A list / tuple of the data file. It should be full path (or relative path from the current path), and sorted from earlier data to later data.

read_file(filename)[source]

The file is read, and return the contents as a tuple with size 2, (tlist, dlist).

This method is an abstract method, meaning that the developer of the data center should implement it. See SampleDataCenter for more details.

The implementation of this method should follow:

  • Returned value is a tuple with a size of 2. - The first element is a tuple/list specifying the time (with each element as datetime.datetime object) - The second element is a tuple/list specifying the data, with any format. - The length of both two elements should be the same.
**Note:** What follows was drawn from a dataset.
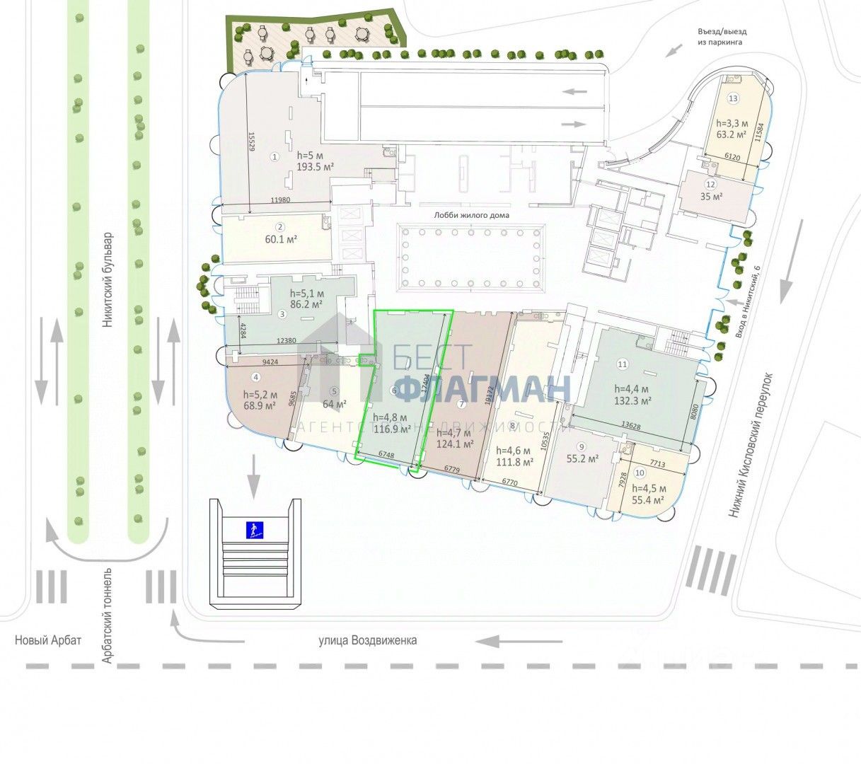 Арт. 128050516 В аренду предлагается торговое помещение в доме de luxe класса ''Никитский 6'', расположенном на пересечении улицы Воздвиженка и Никитского бульвара. Напротив находится станция метро ''Арбатская'', в пяти минутах ходьбы - Большая Никитская улица и район Патриарших прудов. Площадь помещения: 116,9 кв.м. Торговое помещение с отдельным вход с фасада, витринными окнами, свободной планировкой, с возможностью размещения вывески и с высокими потолками 4,8 метров, мокрая точка, электричества достаточно для любой деятельности. Активный пешеходный трафик, близкое расположение центров притяжения людей, станций метро и остановок общественного транспорта, офисных и торговых точек, учебных заведений, театров.

If the given filename is corrupted or empty, a two empty tuple would be returned (i.e., return (), ()). In this case, return None for the exact_starttime() method.

Parameters

filename – File name

Returns

The contents of the data file

Return type

tuple

approximate_starttime(filename)[source]

Start time should be guessed for each file.

A guessed start time should be returned. It is OK if it is very approximate, but the orders of the guessed-start and the exact-start should be identical. This method must be very fast, because it is called for all the files in the data base (i.e. all the files retuned by search_files() method).

A practical suggestion for implementation is to guess the time from the filename.

Parameters

filename – A string, filename.

Returns

An approximate, guessed start time of the file

Return type

datetime.datetime

irfpy.vima.rawdata.read_mat_file(filename, emulate_full=True)[source]
irfpy.vima.rawdata.read_mat_file_3d(filename, emulate_full=True)[source]

Return the 3D data series.

Parameters

filename – The matlab file name

Returns

(tlist, dlist), where tlist is the observation time and dlist is for the data.